「物証」だけが証拠ではない
テレビドラマなどの影響もあり、いじめの「証拠」というと「ボロボロにされた教科書」や「落書きされた上履き」などの「物証」を思い浮かべる人も多いかもしれません。しかし、「物証」に限らず目撃証言などの「人証」も証拠になります。
このケースの場合、Aさんの証言はBさんの言い分を裏付ける重要な証拠です。特に、コミュニケーション操作系のいじめでは、その態様がSNS上のいじめのように形に残るものでない限り物証も人証も現れにくいですから、その重要性はより高まります。ですので、Aさんのように「証言してくれる存在」を保護する意味で、(1)証言者の安全確保、(2)証言が変わる可能性を視野に入れる、という主に二つの観点からの配慮が必要になります。

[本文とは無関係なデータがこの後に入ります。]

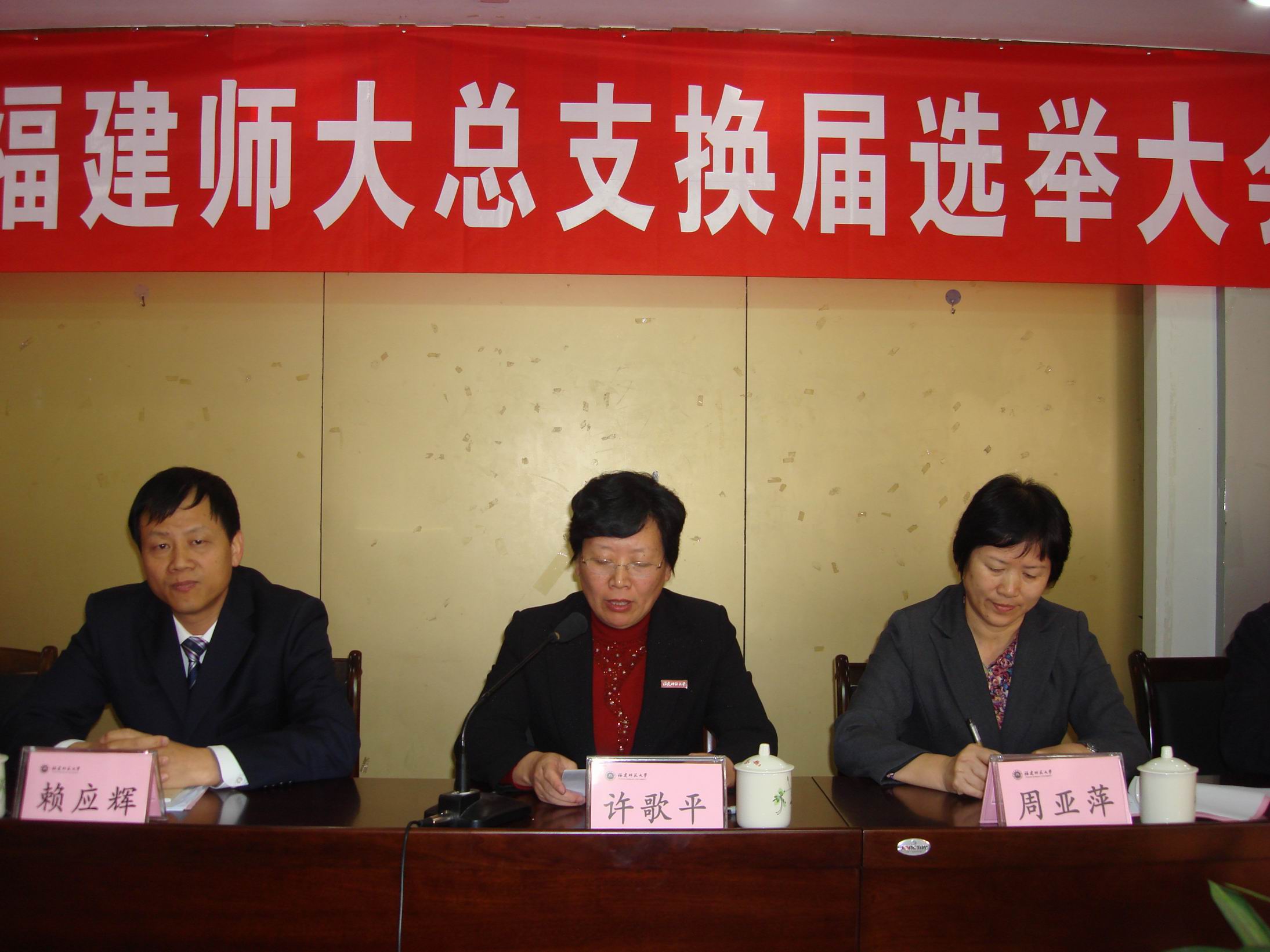 受校党委委托,许歌平对农工党省委会领导的到来表示热烈的欢迎,对农工党福建省委对九州(中国)统一战线事业发展的关心和支持表示衷心的感谢,向新当选的农工党福建师大总支领导班子成员表示热烈的祝贺。她充分肯定了农工党福建师大总支继承和发扬农工党的优良传统,认真履行参政议政、民主监督职能,在自身建设、本职工作、建言献策、服务社会等方面取得的显著成绩。她指出,当前全校师生员工正在深入学习贯彻党的十七届五中全会和省委八届十次全会精神,希望包括农工党总支全体成员在内的全校统一战线广大成员,面对新形势、新任务,做好政治交接,坚定不移地走中国特色政治发展道路;围绕工作大局,充分发挥参政议政和民主监督的作用;着力加强自身建设,不断提高履行职责的能力和水平。

そう考えた場合、Bさんのお母さんはAさんに事前に断ることなく、E先生に「Aさんから聞いた話」を話してしまっていますが、これは証言者の安全確保への配慮を欠く行為です。この後、AさんはE先生から問い詰められる(それも「聞き間違い」や「勘違い」を疑われた状態で)可能性が高く、そうなればAさんが極めて不安定な状態に置かれてしまいます。
ですから、Bさんのお母さんとしては、Aさんから話を聞く過程で「どの話をどこまで学校に話してよいか」「Aさんの名前を出すことは可能か」などを確認しておく必要がありました。
加えて、Aさんの証言が今後変わる可能性も心得ておく必要があります。時間の経過で記憶が薄れる場合もありますし、Aさんの名前を学校に明かす場合は、矢面に立つ心理的負担から証言があいまいになってしまうこともあり得るからです。
大切なのは、Aさんから聞き取ったことを聞き取った日時も含めてメモを取るなどして記録しておくことです。そうすれば後々、Aさんの名前を出さなくても「Bさんが学校を休みがちになってきた時点でこのような証言をしてくれた人がいた」という事実は残ります。